When we meet Bernadette in the movie, she’s sparring with a neighbor (Kristen Wiig) ― in her words, a “gnat” ― who commands her to hire a landscaper to remove the overgrown blackberry vines spilling out of her yard. From there, the conflicts and mishaps in Bernadette’s orbit only escalate, further distancing her from reality. When everything erupts and her hubby stages an intervention, she flees, leaving Bee scrambling to piece together her mother’s whereabouts. Bernadette goes missing from a significant chunk of the novel, but that mystery is truncated in the film so that Blanchett never leaves the screen for long.

“I didn’t pathologize her because I think she’s confounding and hopefully frustrating in a hilarious kind of way,” Blanchett said. “Rather than looking at all of that stuff and dealing with it, she’s thrown herself into her daughter’s life and turned the problem outwards. She’s contemptful of corn chips, the mothers at the school, the traffic in Seattle. Rather than looking at herself, she’s full of contempt for everyone except for her beloved daughter and her husband. And they end up being the people that she lets down the most.”

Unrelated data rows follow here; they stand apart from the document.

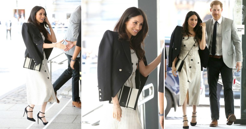Парот шармираше со деловни шик комбинации. Меган носеше фустан со тенки риги од Altuzarra и црно сако од Camilla and Marc.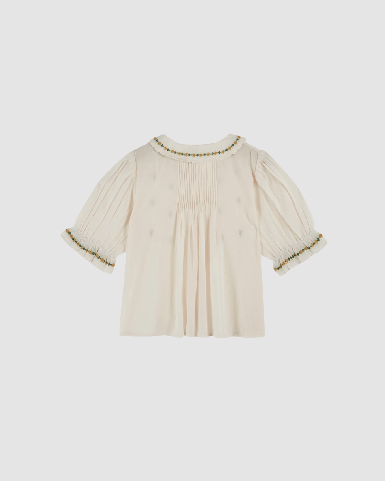 Tout d’abord, le col Claudine festonné est souligné d’une guirlande de fleurs brodées qui apporte une touche raffinée sans alourdir la silhouette. De leur côté, les manches ballon élastiquées reprennent ce travail de broderie afin de créer une finition harmonieuse. Ainsi, grâce à l’ouverture boutonnée sur toute la hauteur, l’habillage devient simple et rapide au quotidien. Par ailleurs, les plis couchés sur le devant et dans le dos structurent la blouse tout en conservant un tombé fluide. Enfin, les coutures anglaises assurent des assemblages solides et confortables, parfaitement adaptés aux mouvements des enfants.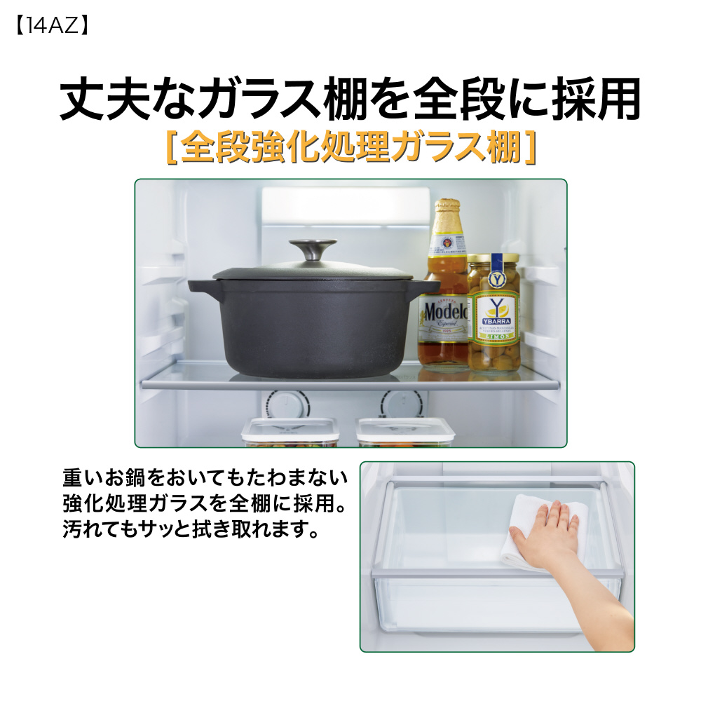 ■丈夫なガラス棚を全段に採用「全段強化処理ガラス棚」

In addition to the script hurdles, “Where’d You Go, Bernadette” has seen a puzzling rollout at a time when projects without franchise affiliations are struggling to turn profits. The movie, shot in 2017, was first slated to hit theaters in May 2018. Three months before, Annapurna pushed the release to October. The studio, which recently faced bankruptcy rumors stemming from underperforming films like “Booksmart” and “If Beale Street Could Talk,” has since delayed “Bernadette” an additional three times. According to a Variety report from earlier this year, an Annapurna rep said the company hoped to attract the female-skewing audiences that have turned out for previous August titles such as “Crazy Rich Asians” and “Julie & Julia.” 

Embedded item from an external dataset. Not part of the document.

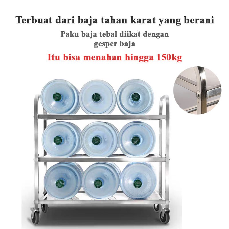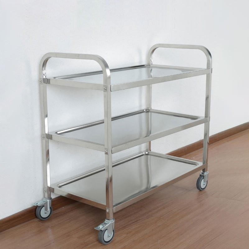 Rak Troli Hidangan 3 Tingkat Pipa Bulat Stainless Steel Hotel 95X45X88 cm Trolly Makan Food Trolly Perak - Standar Resto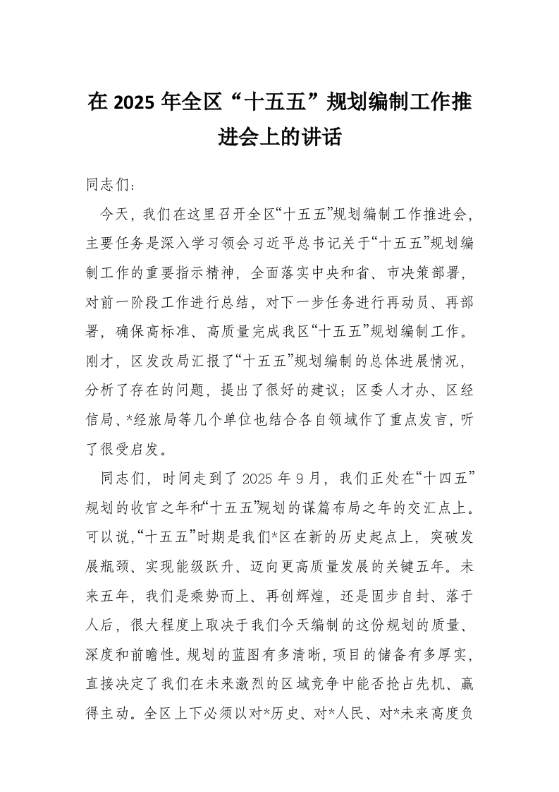 在2025年全区“十五五”规划编制工作推进会上的讲话

But one-off hits aside, August is an especially tough launchpad, caught between the deluge of summer blockbusters and the start of awards season. Broadly speaking, Hollywood has come to treat it as a dumping ground for movies that don’t fit either category. Not even a starry cast, revered director and popular source material can guarantee a home run.

Does the move imply that Annapurna has lost faith in a film that wasn’t easy to make in the first place? Linklater, for his part, doesn’t see it that way. 

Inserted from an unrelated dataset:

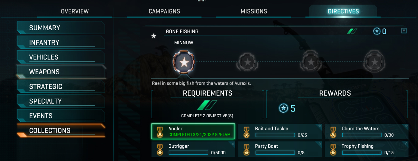 When this update rolls around, we will be taking our first steps toward introducing the serene art of fishing to PlanetSide 2.

“The theatrical marketplace for a film like this that isn’t a franchise is a delicate thing,” Linklater said. “Things have changed so much in the last five or six years. I realized they were doing the opposite of dumping the movie. They cared so much. I had to tell other people, ‘If they were dumping it, they would have already dumped it.’ The film’s always worked. Fortunately, I came in under budget, so when they first pushed the release date, it gave me more time to keep working on it, which I never complained about because I was still feeling my way through this. The adaption never stopped, so I appreciated those extra few months.”

“Where’d You Go, Bernadette” opens Aug. 16.